:: Provided information ::
=======
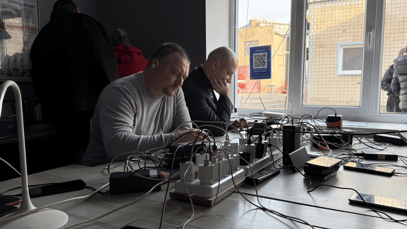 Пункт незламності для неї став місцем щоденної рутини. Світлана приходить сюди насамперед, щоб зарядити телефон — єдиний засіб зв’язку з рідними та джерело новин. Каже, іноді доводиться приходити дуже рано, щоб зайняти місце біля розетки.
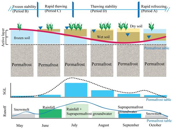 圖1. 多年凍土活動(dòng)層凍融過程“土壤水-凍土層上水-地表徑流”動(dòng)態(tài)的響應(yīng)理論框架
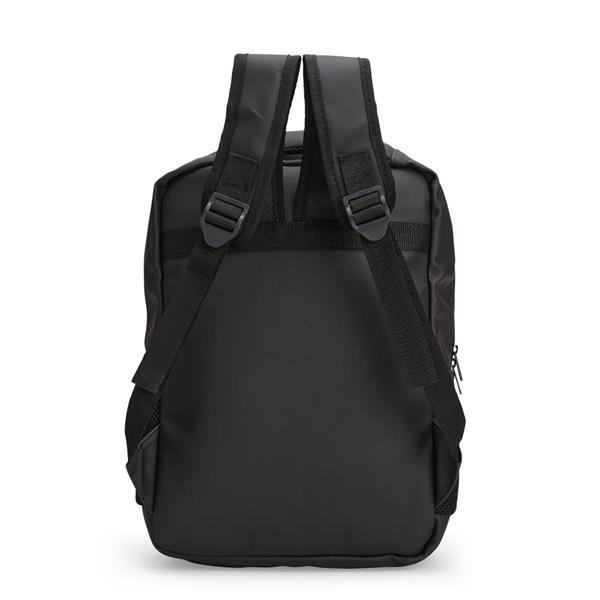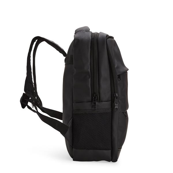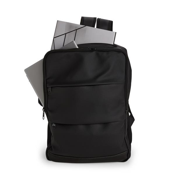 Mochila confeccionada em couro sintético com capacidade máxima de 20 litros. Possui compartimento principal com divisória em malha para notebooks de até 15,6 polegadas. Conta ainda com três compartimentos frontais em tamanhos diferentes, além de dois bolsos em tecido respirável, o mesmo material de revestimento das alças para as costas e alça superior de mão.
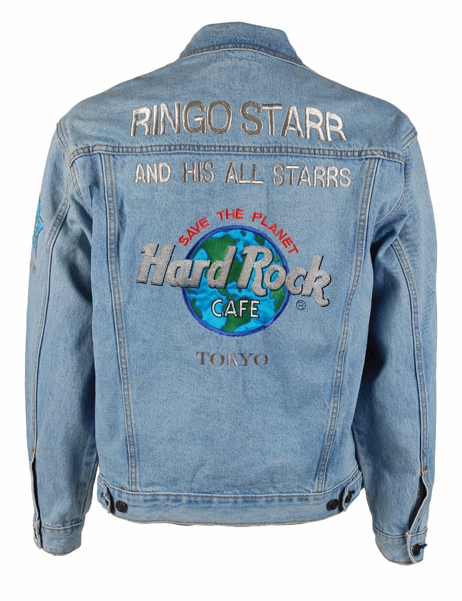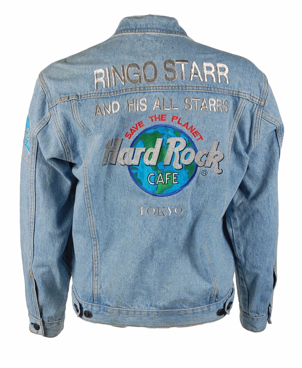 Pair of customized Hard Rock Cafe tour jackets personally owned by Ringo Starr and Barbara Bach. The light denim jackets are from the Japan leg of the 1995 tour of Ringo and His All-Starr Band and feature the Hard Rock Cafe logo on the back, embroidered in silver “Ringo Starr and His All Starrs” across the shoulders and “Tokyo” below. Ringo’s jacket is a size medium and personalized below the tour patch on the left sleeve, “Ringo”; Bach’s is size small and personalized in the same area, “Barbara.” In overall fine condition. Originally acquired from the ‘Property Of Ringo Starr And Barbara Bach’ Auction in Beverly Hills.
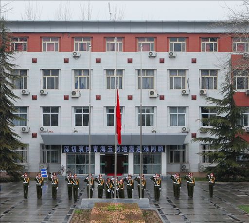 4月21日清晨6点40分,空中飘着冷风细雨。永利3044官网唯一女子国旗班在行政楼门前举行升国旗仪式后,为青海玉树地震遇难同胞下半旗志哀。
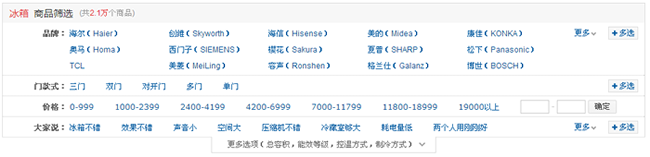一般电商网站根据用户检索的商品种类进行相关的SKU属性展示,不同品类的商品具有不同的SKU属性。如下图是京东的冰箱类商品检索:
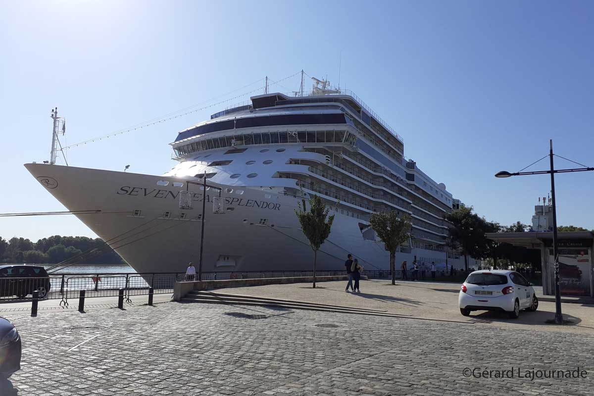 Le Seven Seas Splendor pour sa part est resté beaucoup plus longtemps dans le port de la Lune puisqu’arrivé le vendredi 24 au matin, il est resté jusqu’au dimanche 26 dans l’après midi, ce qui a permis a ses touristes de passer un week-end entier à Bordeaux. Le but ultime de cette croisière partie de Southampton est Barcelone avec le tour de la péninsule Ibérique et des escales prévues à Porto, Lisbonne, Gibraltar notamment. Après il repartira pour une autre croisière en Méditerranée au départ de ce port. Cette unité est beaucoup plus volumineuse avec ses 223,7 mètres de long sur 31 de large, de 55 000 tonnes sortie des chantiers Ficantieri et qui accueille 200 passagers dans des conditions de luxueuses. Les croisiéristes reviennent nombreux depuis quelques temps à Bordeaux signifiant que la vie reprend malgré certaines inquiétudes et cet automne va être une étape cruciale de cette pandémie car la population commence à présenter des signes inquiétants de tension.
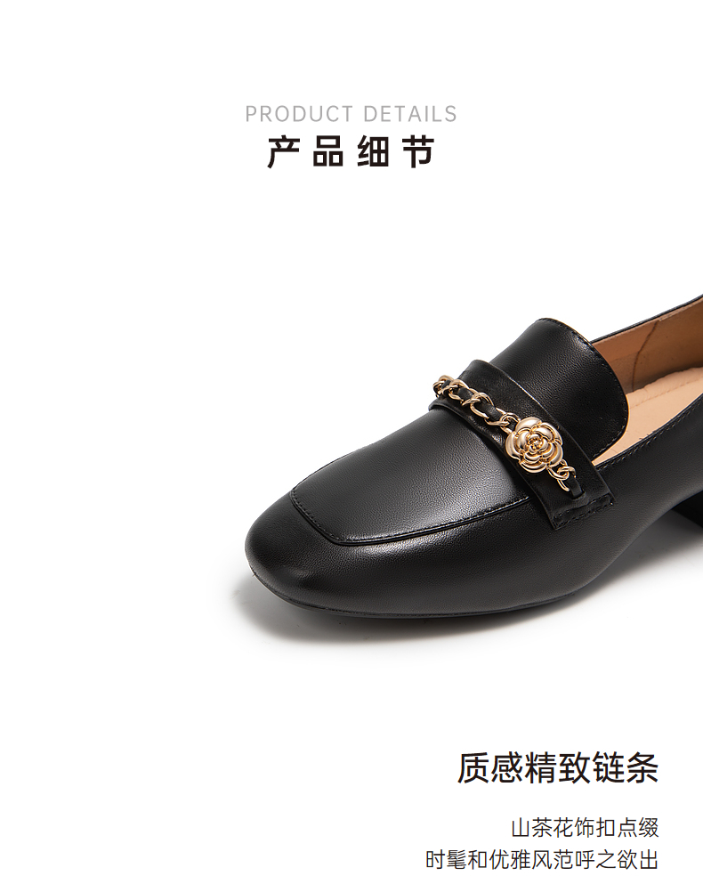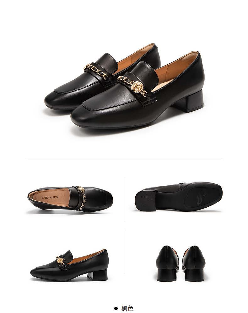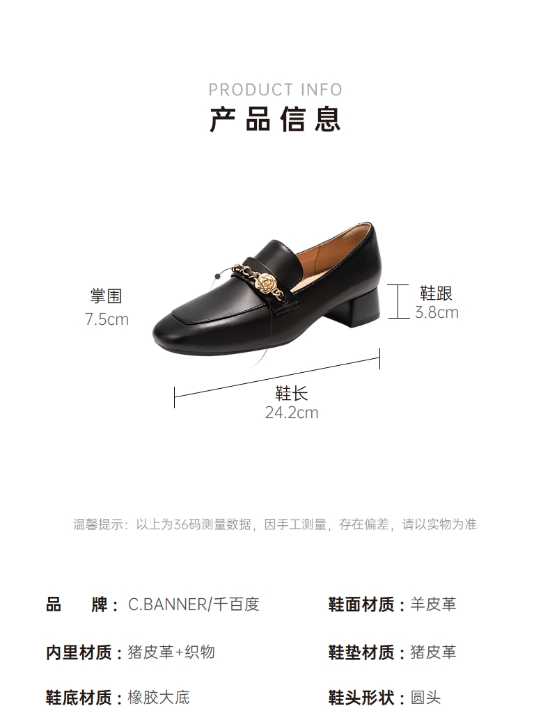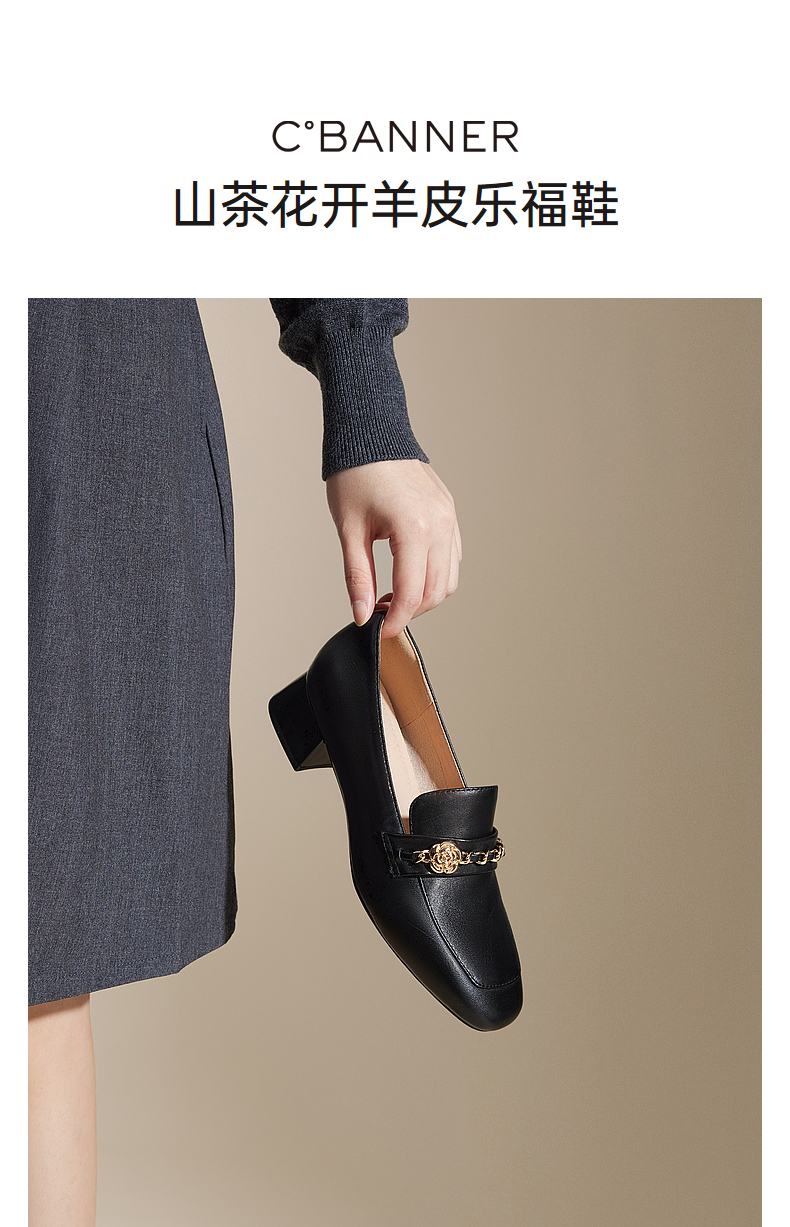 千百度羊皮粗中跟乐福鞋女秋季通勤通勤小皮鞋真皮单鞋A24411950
=======
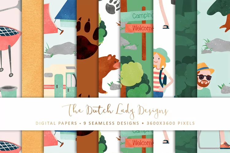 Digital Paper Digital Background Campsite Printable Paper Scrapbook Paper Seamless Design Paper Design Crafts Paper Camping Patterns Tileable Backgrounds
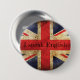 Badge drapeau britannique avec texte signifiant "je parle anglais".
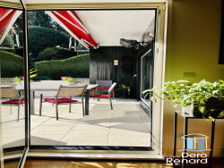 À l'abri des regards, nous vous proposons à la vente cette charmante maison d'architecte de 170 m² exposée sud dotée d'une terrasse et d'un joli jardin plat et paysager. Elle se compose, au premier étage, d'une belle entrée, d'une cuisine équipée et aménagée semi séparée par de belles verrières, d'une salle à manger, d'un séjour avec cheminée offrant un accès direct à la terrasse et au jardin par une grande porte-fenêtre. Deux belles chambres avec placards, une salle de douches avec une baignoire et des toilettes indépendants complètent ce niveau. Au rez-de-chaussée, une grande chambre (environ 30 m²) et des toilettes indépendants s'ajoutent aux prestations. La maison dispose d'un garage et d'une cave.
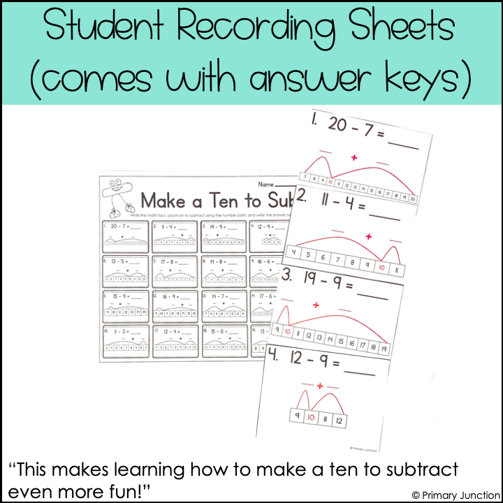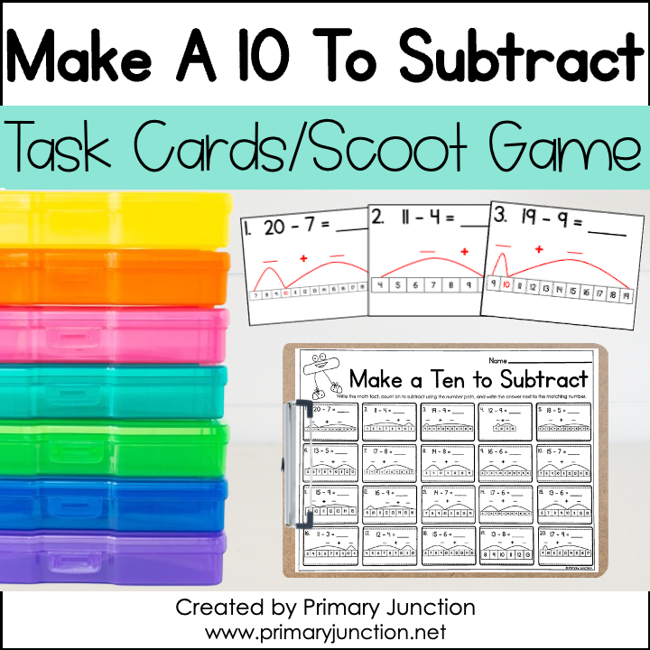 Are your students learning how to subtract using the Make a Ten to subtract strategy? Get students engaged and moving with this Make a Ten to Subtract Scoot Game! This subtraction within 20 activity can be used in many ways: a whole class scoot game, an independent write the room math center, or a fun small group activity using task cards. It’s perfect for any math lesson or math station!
=======
:: Work task ::
Reproduce word for word, with pictures dropped, only the part of the material above that opens with the line containing "Badge drapeau britannique" and closes with the line containing "Are your students".

:: Task response ::
 Badge drapeau britannique avec texte signifiant "je parle anglais".
 À l'abri des regards, nous vous proposons à la vente cette charmante maison d'architecte de 170 m² exposée sud dotée d'une terrasse et d'un joli jardin plat et paysager. Elle se compose, au premier étage, d'une belle entrée, d'une cuisine équipée et aménagée semi séparée par de belles verrières, d'une salle à manger, d'un séjour avec cheminée offrant un accès direct à la terrasse et au jardin par une grande porte-fenêtre. Deux belles chambres avec placards, une salle de douches avec une baignoire et des toilettes indépendants complètent ce niveau. Au rez-de-chaussée, une grande chambre (environ 30 m²) et des toilettes indépendants s'ajoutent aux prestations. La maison dispose d'un garage et d'une cave.
 Are your students learning how to subtract using the Make a Ten to subtract strategy? Get students engaged and moving with this Make a Ten to Subtract Scoot Game! This subtraction within 20 activity can be used in many ways: a whole class scoot game, an independent write the room math center, or a fun small group activity using task cards. It’s perfect for any math lesson or math station!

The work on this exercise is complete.